P: So we … part of it is, their response is, ‘When there’s an increase in tuition, there is an increase in financial aid.’ Well that’s fine if you’re fixing financial aid for the real me. So having a conversation about the actual, real cost of attendance means you adjust to what it means to have significant, enough financial aid. Asking the question about whether the self-help requirement that we currently assume is the right number is important as well. So, you know, I used to, when I was in the legislature, I had a district whose median household income was $26,800. When you’re family is making $26,800 and you’re expected to do $10,000 of self-help, that’s an astronomical number. That’s very different than the impact of when your family is making $200,000 a year. And so these conversations move the dial. I hope that we’re gonna’ have a conversation about resetting what it is we’re trying to correct for in financial aid and making sure that we’re aiming toward having the appropriate level of financial aid for the real need that students have, not a formula that’s existed for a long time. Is the formula the right formula? Are we addressing the totality of the need of students? That’s gotta’ be foundational before we make any moves to have any shift in tuition at all.

M: What kind of changes would you want to see made to that traditional formula?

P: Well so I think the first question is getting our hands around the different costs, the different campuses and the reality students are facing. And the second is getting a better sense of the real impact of the self-help number and not only what it means to students we already have, but what it means to students in terms of sticker shock for students that we’d like to have.

M: Student voices are important for both sides, I believe, what do you think is the most effective way for those voices to be heard and to be heard in an effective manner?

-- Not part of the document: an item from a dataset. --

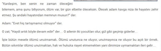 "Kardeşim, ben senin ne zaman O-leceğini bilemem, ama şunu biliyorum, O-lüm var, bir gün elbette O-leceksin. O-lecek adam kavga niza ile hayatını zehir etmez. Şu andaki hayatından memnun musun?" der.

P: See I don’t think that’s for me to decide. I think that’s for students to decide what they think the most effective way to express themselves are. It’s for me to be receptive to whatever way those voices are expressed and it’s for students to make the decision on what they think is the most impactful way to communicate. I think I’m somebody who is actively trying to listen and I think students have to figure out what messages that they’re able to communicate that get heard by different subsets of the regents and then figure out what combinations of communications that they use to have the greatest impact. But that’s a decision for students to make, not for us to impose on students.